Pressure for hospital price transparency is coming from an unlikely quarter: the mayor of Madison, Wisconsin.

Madison Mayor Paul Soglin is pushing the Madison Common Council to pass a resolution that calls for hospitals to be more transparent regarding the costs of their services, according to Wisconsin Public Radio.

In reference to data posted publicly by the Wisconsin Hospital Association, Soglin told WPR that "if you look at the column, go down every one of these items, you’ll see that the private insurance payment is almost twice of what is the payment for Medicare patient.”

Soglin said he wants hospitals to reveal the actual cost of providing care in order to determine if payments are out of alignment.

Such divergence between what payers must remit to hospitals for services is not confined to Wisconsin. A new survey in Oregon found as much as a three-fold variation in what private insurers pay hospitals to perform 46 common procedures, the Salem Statesman-Journal reported.

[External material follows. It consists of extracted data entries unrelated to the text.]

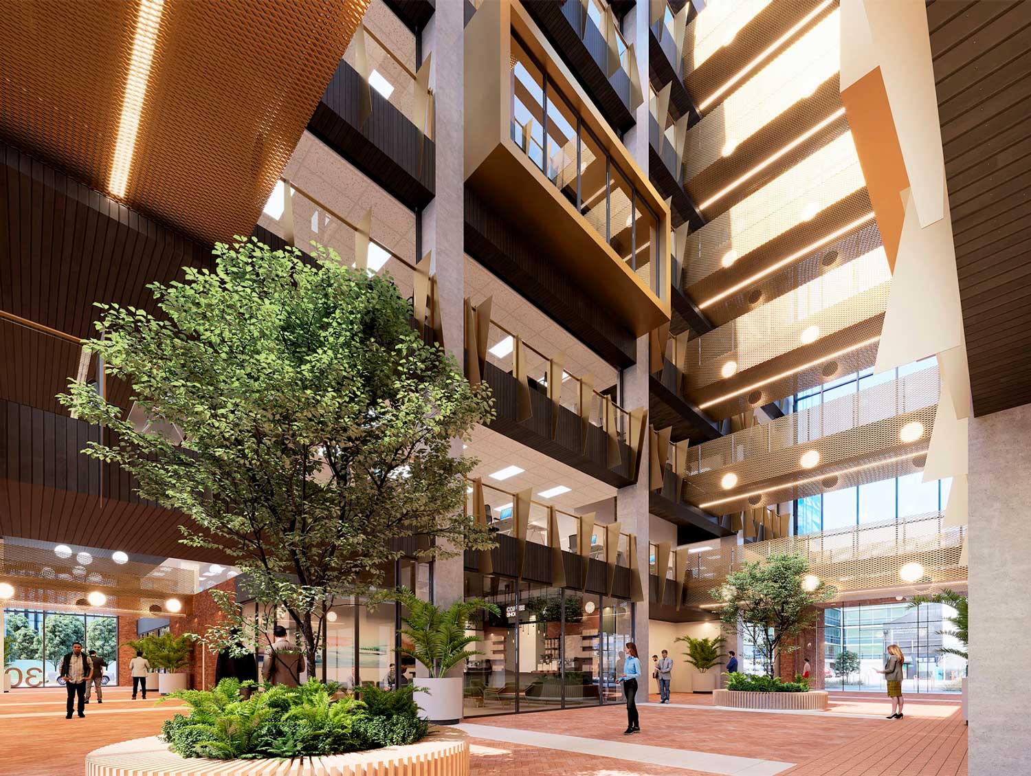 New commercial development consisting of 8 levels of commercial office spaces, retail units, 2 levels of basement car parking and end-of-trip facilities. Full height atrium extends through the whole building with inter-connecting bridges.
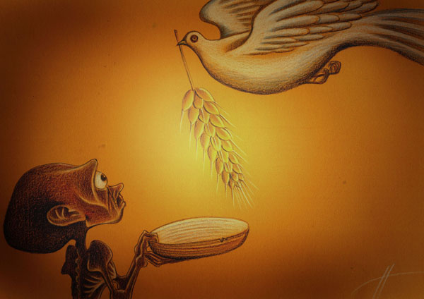 《和平》常人眼中的和平是:和平鴿叼著橄欖枝--沒有戰爭就是和平;而在饑餓的非洲難民眼中--和平鴿叼著金色麥穗才是和平,民以食為天……吃飽肚子就是和平!
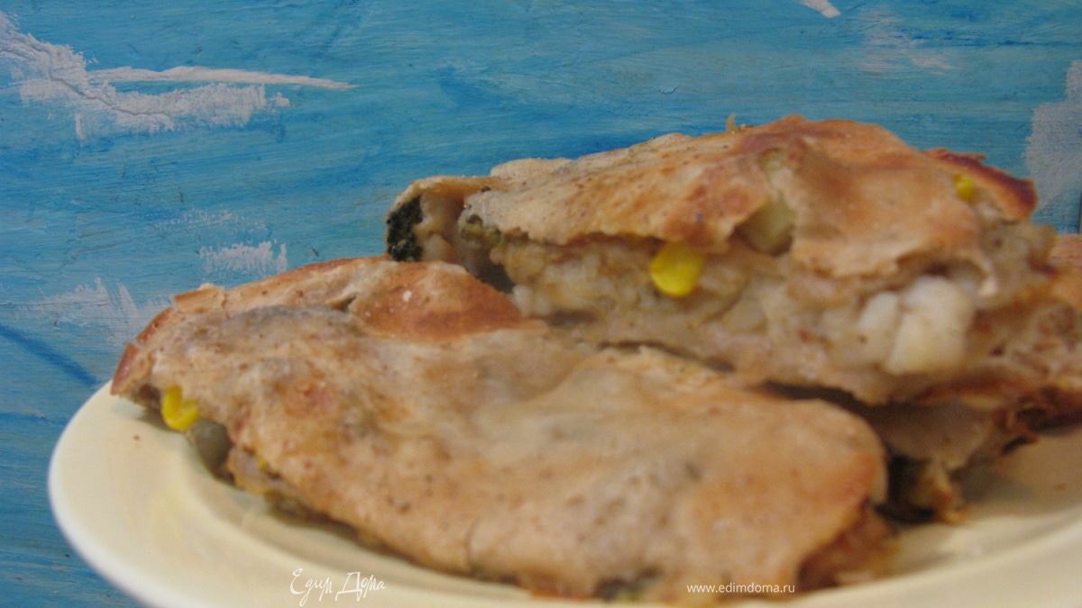 Смазываем слой томатным соусом, добавляем спаржу, кукурузу, капусту, хорошенько поливаем соусом и накрываем тестом, предварительно проткнув его вилкой. - Шаг 6

Meanwhile, consumers can obtain little price transparency in terms of being able to make an informed decision on their care based on cost. A study issued last year by the Health Care Incentives Improvement Institute and Catalyst for Payment Reform concluded that only five states provide enough relevant pricing data for consumers to make a difference. Presumed Republican Presidential nominee Donald Trump has proposed price transparency as part of his healthcare platform.

Hospitals have evinced skepticism at such notions of transparency while acknowledging that cost-shifting is part of their longtime business practices.